[comp.arch] Wulf's WM

aglew@urbsdc.Urbana.Gould.COM (04/19/88)

I expected to see something here by now, but maybe I'll have to start
- wht do y'all think of the WM processor, as described in 
Computer Architecture News Vol 16 No 1, March 1988, "The WM
Computer Architecture", William Wulf. Normally CAN contains a lot
of crank articles, but when somebody like Wulf publishes there
you have to pay attention.

In brief, it is divided into Instruction Fetch Unit, Integer Execution
Unit, and Floating Execution Unit, IFU, IEU, and FEU. An instruction
may be dispatched to each of these units on a cycle; all instructions
are 32 bits, so the decoder is looking at 96 at a time.

Each IEU and FEU instruction is of the form A op (B op C), so you
could dispatch as many as 5 <operations> per cycle. The double op
is useful for inner products, range checks, etc. There is a dependency
rule that says that the result of one instruction is not seen at
the inner op of the next.

Condition codes are placed in a FIFO, and are taken off the FIFO 
when the IFU actually needs to branch. Similarly, LOAD and STORE
instructions deal with data from FIFOs, placed there by writing to 
R0 and/or R1, and reading from them. Address computation is decoupled
from generation of the data to be stored. You can, for example, set
up a stream of data from memory with only one instruction, and
thereafter access it with purely scalar ops.
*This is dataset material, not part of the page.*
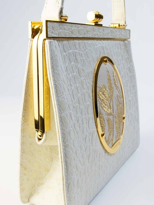しかし、マリアバッグの真髄は、その開ける瞬間にあります。それは、かつて手提げバッグを開けることが熟練し魅力的な女性らしさの行為であった時代の儀式を呼び覚ます動きです。指先は、豪華で輝く18金プレートのクラスプを滑らかに撫で、金属の滑らかな金メッキ仕上げを優しく触れながら、流れるように閉じ口を解放します。鋭く響く「カチッ」という音が、決定的でありながら調和の取れた開放を示し、洗練の世界への扉が開かれるような印象を与えます。

As usual, many of these ideas have been seen before: FIFO load/stores
and CCs, the A op (B op C) in DSP processors. But they're put together
in a nice package here. Somebody who I very much respect says that
this is the most important paper in computer architecture since 
the early papers on RISC.

I'll be making subsequent postings in a little while about issues
WM brings out, eg use of FIFOs rather than register renaming, 
- remember Patterson's paper "What do you do with 1000 registers?".
Well, I think that we have gone past the point of diminishing
returns for number of registers (although maybe not for highly
parallel machines, eh Larry?), and now we have to think of something
else to do with land area. How about "What do you do with a dozen
ALUs?"

agn@UNH.CS.CMU.EDU (Andreas Nowatzyk) (04/24/88)

Wulf presented the WM architecture here at a recent CS seminar, and it
appeared like a very clean and efficient system. Most design decisions
were backed up with data gathered during his work on high quality
optimizing compilers and appeared to be sound.

Of particular appeal to me was the introduction of fifo's into the
load/store instructions (decoupling the time when an address is issued
from the time when the data is accessed) as it has the *potential*  of
allowing more latency in the memory system without degrading the throughput.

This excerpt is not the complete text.